Updated Jun 30, 2026

The Secret Word and the Blanks

The heart of Hangman is a single visual: a word you can't see yet, shown as a row of blanks, with the letters you've correctly guessed filled in. Get that one thing working and the rest of the game is steps you hang off it.

So that's where we start. A secret word, a set of letters that have been guessed, and a way to print the word with the right letters showing and the rest hidden.

The pieces we need

Two things:

  • The word - a plain string, like "python".
  • The guessed letters - the letters the player has tried and got right (or tried at all; we'll firm that up next phase).
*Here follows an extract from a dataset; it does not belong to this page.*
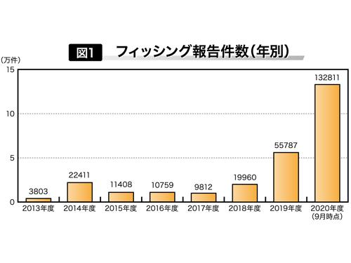 フィッシング対策協議会によると、フィッシング報告件数は20年9月時点で、前年より約7万7000件多い13万2811件となった(図1参照)。19年から20年にかけて、不正送金目的の被害が急増。今年10月時点で、被害を受けたうちの9割がクレジットカード情報を狙うフィッシングだったという。
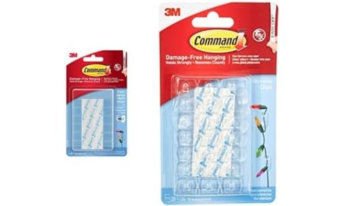 Command Mini Clear Refill Strips 17020CLR & 17026CLR Decorating Clips, Pack of 20 Mini Hooks and 24 Small Adhesive Strips, Transparent - Hanging Clips for Decorations and Fairy Lights, Wall Adhesive

For now, think of it as a small collection of single letters.

The display rule is one sentence: for each letter in the word, show the letter if it's been guessed, otherwise show an underscore.

Walking the word one letter at a time

In Python you can loop straight over a string and you get one character at a time:

word = "python"
for letter in word:
    print(letter)

Run that. Six lines, one letter each. That for letter in word loop is the engine of the whole display - we'll decide, per letter, whether to show it or hide it.

Show it or hide it

For each letter we want a small either/or: the real letter, or an underscore. Python has a compact way to write "this value if a condition is true, otherwise that value":

shown = letter if letter in guessed else "_"

Read it left to right: letter (use this) if letter in guessed (when it's been guessed) else "_" (otherwise an underscore). The in check asks "is this letter inside the guessed collection?" and gives back True or False.

Putting the blanks together

Now we glue those per-letter results into one line. We build a list of the shown characters and join them with spaces so the blanks are readable - p _ t _ _ n reads better than p_t__n.

word = "python"
guessed = {"p", "t", "n"}

shown = []
for letter in word:
    if letter in guessed:
        shown.append(letter)
    else:
        shown.append("_")

display = " ".join(shown)
print("Word:", display)

Run it. You should see Word: p _ t _ _ n. The p, t, and n show because they're in guessed; the y, h, and o are still underscores. Change guessed to {"y", "o"} and run again - different letters reveal. This is the game's whole face.

That curly-brace {"p", "t", "n"} is a set - a collection with no duplicates and fast membership checks. It's exactly the right tool for "which letters have been guessed," and we'll lean on it hard next phase. For now, know that letter in guessed against a set is quick and reads like English.

Tightening it into a function

We'll need this display in every phase, so let's wrap it in a function that takes the word and the guessed letters and hands back the line to print. Same logic, written more compactly with the if/else expression from before:

def show(word, guessed):
    return " ".join(letter if letter in guessed else "_" for letter in word)

# A few different guess states, so you can see the masking change:
word = "python"
print("Guessed p, t, n ->", show(word, {"p", "t", "n"}))
print("Guessed y, o    ->", show(word, {"y", "o"}))
print("Guessed nothing ->", show(word, set()))
print("Guessed it all  ->", show(word, set("python")))

Run it and read the four lines. The first two mask different letters. The third passes an empty set (set()) - every letter is hidden, all underscores, exactly what a fresh game looks like. The fourth passes set("python"), which turns the string into a set of its letters {'p','y','t','h','o','n'} - every letter is guessed, so the full word shows. That last line is what winning looks like, and we'll use that same idea to detect a win in Phase 3.

Why a set, not a list

You could store guessed letters in a list. A set is the better fit here for two reasons:

List Set
Duplicate guesses Keeps both Ignores the repeat
"Have I guessed this?" Scans the whole list Instant lookup

A player will fat-finger the same letter twice. A set absorbs that without you writing a line of code to handle it. We'll make use of exactly that next.

Where you are

You have a show(word, guessed) function that turns any word plus any set of guessed letters into a clean masked line. That's the screen of your game. Next we make a guess actually do something - add a letter, tell the player hit or miss, and watch the blanks fill in.